How can I better protect my php, jquery, ajax requests from malicious users

I send a lot of data through jquerys getJSON method, an example of a function is

function doSomething(sid){
    if(sid){

    $.getJSON("ajax/ajaxDoSomething.php",{sid:""+sid+""}, function(data){
        //alert(data);
        if(data.success == true){
            $('#add_vote_div').html('vote received');
            $('#list_data_div').html(data.html);
        }
        else{
            $('#add_vote_div').html(data.message);
        }
    });
  } 
}`

The problem is that anyone can look at the source and see that the location of the php file its sending the GET data to, therefore you could just point your browser there and append data to the URL. I do checks on the data to make sure its the right data type, but i dont want users to be able to go to the url at all.

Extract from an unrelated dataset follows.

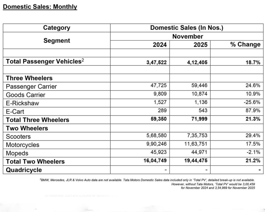 Domestic passenger vehicle sales rose 18.7 per cent year-on-year (YoY) to 4,12,405 units, marking the best November on record for the segment. Utility vehicles continued to anchor demand, while passenger cars and vans also posted robust double-digit growth in both production and exports.

I thought maybe put all the ajax files behind the main document root which would work but jquery can't link to absolute paths like

$.getJSON("var/www/ajax/doSomething.php",{sid:""+sid+""}

(main document root is var/www/html/)

if they made a $.postJSON that would work better, but it doesn't exist, any ideas?

like image 476
Brian Avatar asked Nov 16 '10 11:11

Brian


People also ask

Which is better jQuery or AJAX?

jQuery uses ajax for many of its functions, but it nothing else than a library that provides easier functionality. With jQuery you dont have to think about creating xml objects ect ect, everything is done for you, but with straight up javascript ajax you need to program every single step of the ajax call.

Can AJAX be hacked?

In essence, this is what burglars can do when they have access to your account. The Ajax account is a key to the security of your home and office. To prevent it from being hacked, we strongly recommend to activate two-factor authentication and control account sessions of other devices.

Are AJAX requests encrypted?

Since AJAX calls are encrypted with a session key, AJAX queries cannot be sent directly to the server. If an attempt is made to send queries directly, the response given by the page will be "Forbidden," as the page expects to receive encrypted text in the AJAX call.


1 Answers

What you need to do is hit a few specific types of attacks. Even for very high-profile sites this is typically enough. And for a site that isn't one of the biggest sites around, these things should be more than enough to stop the script-kiddies.

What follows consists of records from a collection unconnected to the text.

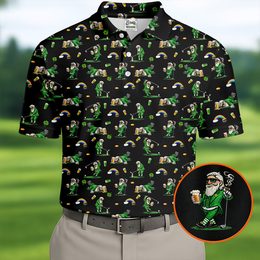 St Patrick's Day Leprechaun Character Golf And Beer Black Golf Shirt, Fun Golf Shirts For Men, Polo For Men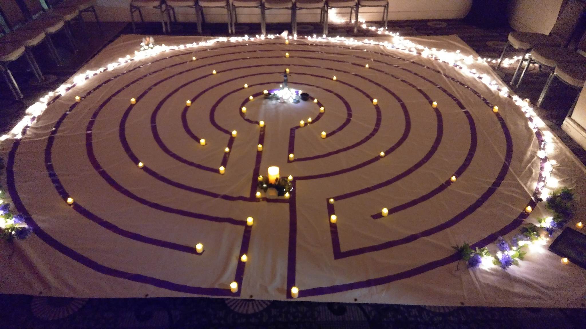 Walk the labyrinth in this After Dark workshop and experience the meditative magic of the labyrinth. Beautifully setup in the Federal room, candles and music bring the experience to life. You can walk the Labyrinth anytime during the time it is open. Allow yourself 10-20 minutes to do so.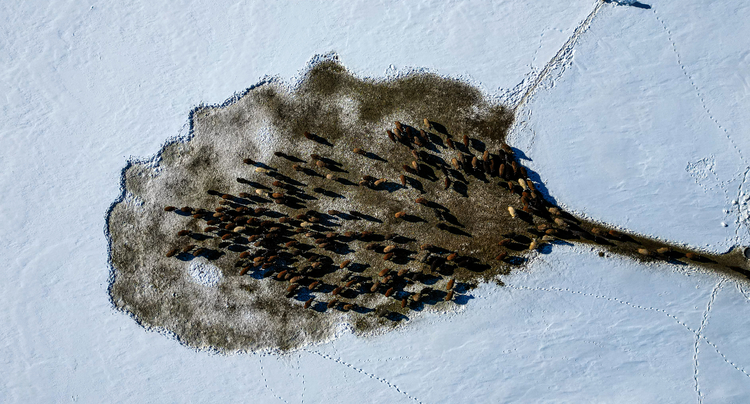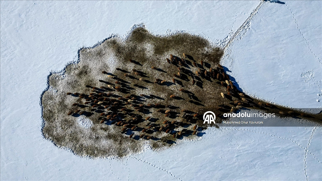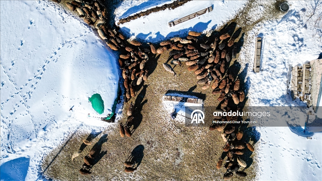 Erzurum'un kırsalındaki besiciler, yer yer 3 metreyi bulan kar ve dondurucu soğuğa karşı mücadele ederek hayvanlarını beslemeye devam ediyor.

Cross Site Request Forgery:

Essentially, this is what you are attempting to point out in your initial post. What this kind of attack entails is either, as you are pointing out, figuring out the URL that can enact some user-specific action and calling it directly. Or, and harder to protect against, is done by tricking a logged in user to click a link that leads to that user-specific action.

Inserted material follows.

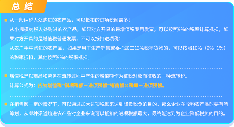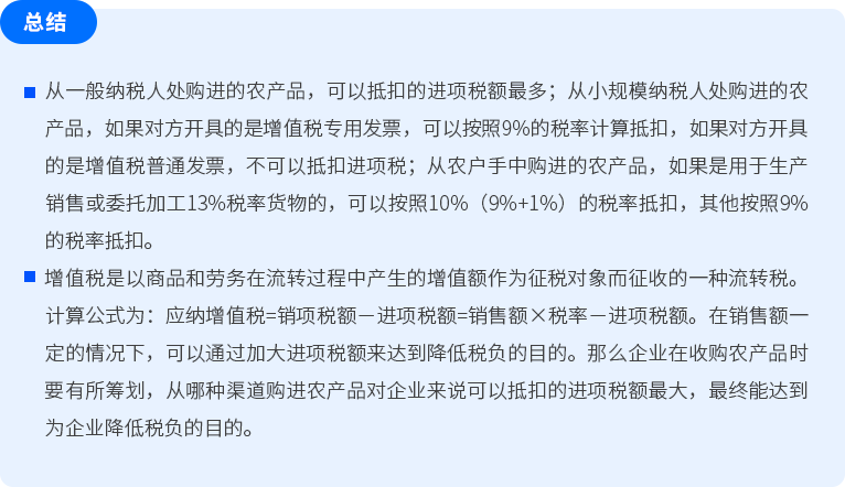 从一般纳税人处购进的农产品,可以抵扣的进项税额最多;从小规模纳税人处购进的农产品,如果对方开具的是增值税专用发票,可以按照9%的税率计算抵扣,如果对方开具的是增值税普通发票,不可以抵扣进项税;从农户手中购进的农产品,如果是用于生产销售或委托加工13%税率货物的,可以按照10%(9%+1%)的税率抵扣,其他按照9%的税率抵扣。

The first kind can be blocked by tagging each call with the session key and ensuring it is valid. However, this cannot prevent the second.

The good news is this attack can be stopped with a secret value that is part of the url, changes often, is remembered on the backend long enough to ensure it was properly called. We are talking about AJAX here, so the easiest way to do this is to on a full page load, you create a random number secret value. This same is true for traditional forms, bear that in mind and run the check on the old secret value before you create a new one. You hold this value in the session data and append it to all AJAX calls or form submits from the subsequent page. If they match, it is the same user. If not, you just ignore the request.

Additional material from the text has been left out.